Generative AI has changed how people discover products and make decisions. Instead of scanning lists of links, users ask ChatGPT, Perplexity, Gemini or Google’s AI‑assisted search engines for advice and recommendations. These systems synthesize information and often answer questions directly, which means fewer clicks and less visibility in traditional analytics.
Brands that want to stay competitive need to understand how often they are mentioned, trusted and recommended inside these AI‑generated answers and how users reach their sites via AI platforms. The following sections break down the key metrics that matter for AI search and show how to measure them.
AI search key metric comparison table
| Metric | What it measures | Why it matters in AI search |
| AI Visibility | Frequency of your brand’s appearance in AI‑generated answers | Indicates brand recall and presence across AI channels |
| Citation Rate | Percentage of answers linking to your domain among answers that include sources | Signals AI trust and authoritative content |
| Sentiment | Tone of AI descriptions (positive, neutral or negative) | Reveals brand reputation and potential risks |
| Share of Voice | Your share of mentions compared with competitors | Highlights competitive positioning and market momentum |
| AI Search Traffic | Visits referred to your site from AI platforms | Connects AI visibility to user engagement and conversions |
| Bot Activity | Volume and behavior of AI crawlers on your site | Shows content interest, uncovers gaps and informs technical fixes |
AI Visibility
AI visibility measures how often a brand appears in AI‑generated answers for tracked prompts. High AI visibility indicates strong brand recall by language models even when users never click through to a website.
Definition AI visibility
AI visibility measures how often your brand appears in AI‑generated responses across the prompts and platforms you track.
- Visibility score formula: (Number of responses mentioning your brand ÷ Total responses) × 100.
This calculation provides a baseline for how consistently AI models recall and mention your brand when answering relevant queries. Visibility reflects the distribution of your mentions across different prompts and that consistency over time matters more than sporadic spikes.

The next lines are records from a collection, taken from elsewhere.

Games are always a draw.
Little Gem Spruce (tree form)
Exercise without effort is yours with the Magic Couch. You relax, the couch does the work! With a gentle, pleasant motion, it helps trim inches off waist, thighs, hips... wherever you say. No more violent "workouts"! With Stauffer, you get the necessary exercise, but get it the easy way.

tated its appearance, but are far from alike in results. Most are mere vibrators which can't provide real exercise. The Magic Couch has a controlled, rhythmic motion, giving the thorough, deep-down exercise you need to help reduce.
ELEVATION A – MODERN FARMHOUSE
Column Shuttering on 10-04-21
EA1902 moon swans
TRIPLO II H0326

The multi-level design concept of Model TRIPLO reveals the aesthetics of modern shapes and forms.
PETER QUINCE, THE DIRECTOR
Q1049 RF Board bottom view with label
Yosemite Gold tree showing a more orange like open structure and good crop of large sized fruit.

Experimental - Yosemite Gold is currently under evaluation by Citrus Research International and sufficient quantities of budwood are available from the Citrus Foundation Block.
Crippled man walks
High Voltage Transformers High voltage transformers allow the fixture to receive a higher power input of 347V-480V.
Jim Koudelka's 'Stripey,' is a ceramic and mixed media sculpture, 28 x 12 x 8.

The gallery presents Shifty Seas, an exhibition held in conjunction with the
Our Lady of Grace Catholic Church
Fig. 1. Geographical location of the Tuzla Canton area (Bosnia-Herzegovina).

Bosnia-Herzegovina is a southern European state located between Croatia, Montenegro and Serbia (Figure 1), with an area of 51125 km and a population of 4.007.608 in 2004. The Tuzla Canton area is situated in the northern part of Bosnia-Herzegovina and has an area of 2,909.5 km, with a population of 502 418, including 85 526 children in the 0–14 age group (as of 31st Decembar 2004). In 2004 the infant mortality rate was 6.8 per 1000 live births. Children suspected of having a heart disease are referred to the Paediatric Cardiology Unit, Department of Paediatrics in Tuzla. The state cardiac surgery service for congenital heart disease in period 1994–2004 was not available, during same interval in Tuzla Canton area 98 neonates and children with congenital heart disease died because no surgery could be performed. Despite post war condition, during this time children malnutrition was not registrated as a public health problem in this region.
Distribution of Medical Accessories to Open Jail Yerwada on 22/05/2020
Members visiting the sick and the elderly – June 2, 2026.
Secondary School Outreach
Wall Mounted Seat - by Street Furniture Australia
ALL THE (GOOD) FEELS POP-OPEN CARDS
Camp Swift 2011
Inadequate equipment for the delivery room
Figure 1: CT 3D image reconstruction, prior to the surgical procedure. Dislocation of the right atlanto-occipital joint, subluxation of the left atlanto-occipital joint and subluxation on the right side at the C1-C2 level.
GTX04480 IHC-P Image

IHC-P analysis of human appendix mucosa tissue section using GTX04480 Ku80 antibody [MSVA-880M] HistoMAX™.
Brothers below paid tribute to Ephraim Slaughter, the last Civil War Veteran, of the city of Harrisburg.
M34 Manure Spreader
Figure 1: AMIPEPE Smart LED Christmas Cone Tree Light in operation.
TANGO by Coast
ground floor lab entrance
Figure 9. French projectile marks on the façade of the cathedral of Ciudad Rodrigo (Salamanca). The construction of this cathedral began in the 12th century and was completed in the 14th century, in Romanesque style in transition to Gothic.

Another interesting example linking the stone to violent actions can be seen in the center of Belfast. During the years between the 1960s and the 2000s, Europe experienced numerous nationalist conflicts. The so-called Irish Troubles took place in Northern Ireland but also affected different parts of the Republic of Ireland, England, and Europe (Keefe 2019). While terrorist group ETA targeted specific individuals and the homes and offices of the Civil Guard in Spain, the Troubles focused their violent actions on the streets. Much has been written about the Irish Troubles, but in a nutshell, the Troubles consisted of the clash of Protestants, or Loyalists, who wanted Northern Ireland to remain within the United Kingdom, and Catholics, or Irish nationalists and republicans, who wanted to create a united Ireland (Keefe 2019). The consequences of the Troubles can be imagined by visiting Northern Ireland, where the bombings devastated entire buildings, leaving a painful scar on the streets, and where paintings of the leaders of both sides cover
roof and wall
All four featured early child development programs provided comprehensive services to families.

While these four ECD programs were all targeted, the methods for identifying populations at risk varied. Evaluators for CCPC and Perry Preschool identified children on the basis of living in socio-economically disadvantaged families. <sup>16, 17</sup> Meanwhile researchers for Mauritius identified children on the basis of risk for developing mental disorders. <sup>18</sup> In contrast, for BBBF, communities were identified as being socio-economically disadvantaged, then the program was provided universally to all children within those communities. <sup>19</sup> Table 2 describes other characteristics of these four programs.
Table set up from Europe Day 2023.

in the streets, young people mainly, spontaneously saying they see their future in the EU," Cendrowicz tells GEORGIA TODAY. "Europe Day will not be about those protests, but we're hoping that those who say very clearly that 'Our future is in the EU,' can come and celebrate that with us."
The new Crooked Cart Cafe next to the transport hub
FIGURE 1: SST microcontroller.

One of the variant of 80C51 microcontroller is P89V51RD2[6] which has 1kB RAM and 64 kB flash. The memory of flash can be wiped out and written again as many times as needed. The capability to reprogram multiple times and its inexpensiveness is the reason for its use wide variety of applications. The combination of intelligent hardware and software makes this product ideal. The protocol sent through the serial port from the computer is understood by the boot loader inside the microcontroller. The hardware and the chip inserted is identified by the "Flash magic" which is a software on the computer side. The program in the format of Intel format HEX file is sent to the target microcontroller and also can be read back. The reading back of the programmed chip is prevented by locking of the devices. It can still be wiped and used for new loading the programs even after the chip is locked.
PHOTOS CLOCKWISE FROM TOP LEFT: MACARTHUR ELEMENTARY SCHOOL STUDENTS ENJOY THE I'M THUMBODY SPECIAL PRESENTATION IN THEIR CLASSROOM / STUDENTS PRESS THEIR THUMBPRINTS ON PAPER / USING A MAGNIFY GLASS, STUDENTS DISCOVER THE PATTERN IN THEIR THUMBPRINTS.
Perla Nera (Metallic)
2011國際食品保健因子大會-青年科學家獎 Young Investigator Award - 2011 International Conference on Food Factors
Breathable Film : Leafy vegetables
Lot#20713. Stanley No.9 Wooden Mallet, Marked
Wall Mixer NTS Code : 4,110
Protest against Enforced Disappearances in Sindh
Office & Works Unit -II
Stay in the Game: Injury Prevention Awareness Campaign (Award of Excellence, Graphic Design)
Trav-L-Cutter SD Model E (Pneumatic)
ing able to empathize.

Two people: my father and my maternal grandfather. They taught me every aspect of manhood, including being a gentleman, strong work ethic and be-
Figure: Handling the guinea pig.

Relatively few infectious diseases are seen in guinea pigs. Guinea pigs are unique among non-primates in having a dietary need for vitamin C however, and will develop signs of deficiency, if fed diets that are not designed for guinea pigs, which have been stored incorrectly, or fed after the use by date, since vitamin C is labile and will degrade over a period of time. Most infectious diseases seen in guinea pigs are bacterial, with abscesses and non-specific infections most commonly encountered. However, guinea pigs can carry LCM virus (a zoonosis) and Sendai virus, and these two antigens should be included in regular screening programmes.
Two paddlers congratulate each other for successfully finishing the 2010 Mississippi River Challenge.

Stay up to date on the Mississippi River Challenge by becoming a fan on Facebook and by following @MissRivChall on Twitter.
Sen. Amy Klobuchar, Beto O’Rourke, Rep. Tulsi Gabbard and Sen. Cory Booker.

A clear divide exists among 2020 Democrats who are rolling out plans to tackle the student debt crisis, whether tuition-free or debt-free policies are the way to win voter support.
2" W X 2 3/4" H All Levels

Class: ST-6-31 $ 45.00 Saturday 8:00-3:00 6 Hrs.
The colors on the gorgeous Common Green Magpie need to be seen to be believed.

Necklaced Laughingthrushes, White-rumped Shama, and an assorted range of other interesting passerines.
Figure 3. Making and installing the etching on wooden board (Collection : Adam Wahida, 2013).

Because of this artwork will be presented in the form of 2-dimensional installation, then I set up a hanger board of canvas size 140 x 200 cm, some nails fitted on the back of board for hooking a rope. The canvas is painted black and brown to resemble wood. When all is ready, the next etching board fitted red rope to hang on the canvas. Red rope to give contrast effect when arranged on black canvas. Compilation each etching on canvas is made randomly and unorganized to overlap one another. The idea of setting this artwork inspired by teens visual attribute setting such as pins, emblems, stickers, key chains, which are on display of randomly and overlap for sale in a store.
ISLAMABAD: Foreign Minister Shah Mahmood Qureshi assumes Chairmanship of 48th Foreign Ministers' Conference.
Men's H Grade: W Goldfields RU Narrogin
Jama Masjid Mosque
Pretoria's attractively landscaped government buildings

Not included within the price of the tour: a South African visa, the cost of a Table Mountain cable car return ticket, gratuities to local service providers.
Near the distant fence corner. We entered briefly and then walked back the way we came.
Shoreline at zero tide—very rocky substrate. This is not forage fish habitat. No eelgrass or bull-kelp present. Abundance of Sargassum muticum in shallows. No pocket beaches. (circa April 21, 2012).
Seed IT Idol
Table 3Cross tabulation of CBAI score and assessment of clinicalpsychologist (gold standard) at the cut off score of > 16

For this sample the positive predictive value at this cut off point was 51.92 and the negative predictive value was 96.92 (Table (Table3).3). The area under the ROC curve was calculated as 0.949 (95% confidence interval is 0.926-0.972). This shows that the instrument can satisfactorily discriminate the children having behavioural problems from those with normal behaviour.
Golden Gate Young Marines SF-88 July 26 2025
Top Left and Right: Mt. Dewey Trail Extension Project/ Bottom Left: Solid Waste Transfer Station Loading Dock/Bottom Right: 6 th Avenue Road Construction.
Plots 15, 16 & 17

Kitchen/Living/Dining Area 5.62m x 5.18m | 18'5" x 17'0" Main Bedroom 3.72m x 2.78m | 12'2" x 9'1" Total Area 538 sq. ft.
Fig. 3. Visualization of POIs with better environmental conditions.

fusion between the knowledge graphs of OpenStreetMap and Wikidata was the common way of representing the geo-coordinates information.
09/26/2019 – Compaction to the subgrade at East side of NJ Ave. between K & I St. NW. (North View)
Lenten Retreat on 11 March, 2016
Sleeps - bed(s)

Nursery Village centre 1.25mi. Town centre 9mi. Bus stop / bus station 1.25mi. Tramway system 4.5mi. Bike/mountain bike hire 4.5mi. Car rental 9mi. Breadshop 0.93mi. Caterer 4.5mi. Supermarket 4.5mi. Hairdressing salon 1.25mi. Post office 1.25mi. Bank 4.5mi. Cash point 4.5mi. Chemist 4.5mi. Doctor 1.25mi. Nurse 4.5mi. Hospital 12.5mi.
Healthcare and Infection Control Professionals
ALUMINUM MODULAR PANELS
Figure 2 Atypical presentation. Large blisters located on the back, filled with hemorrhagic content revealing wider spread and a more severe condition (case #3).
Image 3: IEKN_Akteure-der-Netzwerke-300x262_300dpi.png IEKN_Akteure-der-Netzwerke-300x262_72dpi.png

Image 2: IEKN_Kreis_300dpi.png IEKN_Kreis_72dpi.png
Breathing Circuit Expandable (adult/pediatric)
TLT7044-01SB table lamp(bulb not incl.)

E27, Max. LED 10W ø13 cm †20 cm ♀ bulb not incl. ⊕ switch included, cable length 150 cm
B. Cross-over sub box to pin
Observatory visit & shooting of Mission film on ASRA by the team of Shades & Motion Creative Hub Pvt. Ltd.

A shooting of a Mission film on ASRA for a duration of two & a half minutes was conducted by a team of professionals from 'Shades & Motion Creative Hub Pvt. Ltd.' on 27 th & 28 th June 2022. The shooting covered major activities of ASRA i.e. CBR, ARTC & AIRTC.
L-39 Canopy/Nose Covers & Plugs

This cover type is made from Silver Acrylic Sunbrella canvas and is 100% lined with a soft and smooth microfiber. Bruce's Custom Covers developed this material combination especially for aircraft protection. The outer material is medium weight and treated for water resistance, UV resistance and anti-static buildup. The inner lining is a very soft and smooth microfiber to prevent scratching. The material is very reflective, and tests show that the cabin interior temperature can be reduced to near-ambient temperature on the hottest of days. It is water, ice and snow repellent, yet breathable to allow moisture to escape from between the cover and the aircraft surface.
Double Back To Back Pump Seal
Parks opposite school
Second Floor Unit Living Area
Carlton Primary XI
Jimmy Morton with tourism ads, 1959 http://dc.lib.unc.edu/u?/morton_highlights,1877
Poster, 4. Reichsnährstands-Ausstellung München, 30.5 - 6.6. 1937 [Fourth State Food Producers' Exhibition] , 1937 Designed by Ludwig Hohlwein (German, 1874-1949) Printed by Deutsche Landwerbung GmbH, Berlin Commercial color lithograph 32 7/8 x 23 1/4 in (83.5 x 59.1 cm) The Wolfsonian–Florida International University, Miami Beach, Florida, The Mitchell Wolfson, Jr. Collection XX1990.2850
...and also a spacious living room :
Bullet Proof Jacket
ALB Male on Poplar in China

Why is AI visibility important?
Visibility is a proxy for brand recognition in the answer era. Higher scores mean AI models frequently recall your brand when discussing your category. Persistent visibility across many prompts indicates stronger authority and improves the likelihood that users will encounter your brand even when they never click a link.
How to track AI visibility
- Define core prompts. Identify 20–30 representative queries for your category and, with a tool like Rankshift, track how often your brand is mentioned in the answers.
- Monitor across platforms. Measure visibility across ChatGPT, Perplexity, Gemini and Google AI Mode—different models draw on different data sets and may rank brands differently.
- Segment by topic and language. Group prompts by intent (educational, comparison, purchase) and by market or language to pinpoint strengths and gaps in your presence.
- Track changes over time. Visibility gains are gradual. Monitor trends weekly or monthly to see whether content updates or outreach efforts improve your presence.
Citation Rate
Citation rate measures the percentage of AI answers that cite a specific URL or domain among answers that include sources. A high citation rate means AI systems trust your content as evidence, giving your brand authority in generative search.
Definition Citation Rate
A citation occurs when an AI response includes a clickable link to the source it used. Citation metrics go beyond mentions; they show which domains AI models trust to support their answers. Rankshift defines citation rate for a given URL as the percentage of answers that cite that URL out of all answers containing at least one citation.
- Citation rate formula: (Answers citing the URL ÷ Total answers with at least one citation) × 100.
At the domain level, multiple page citations are deduplicated. Citation share measures what portion of all citations go to a specific URL, and citation count is the raw number of times the URL appears as a citation.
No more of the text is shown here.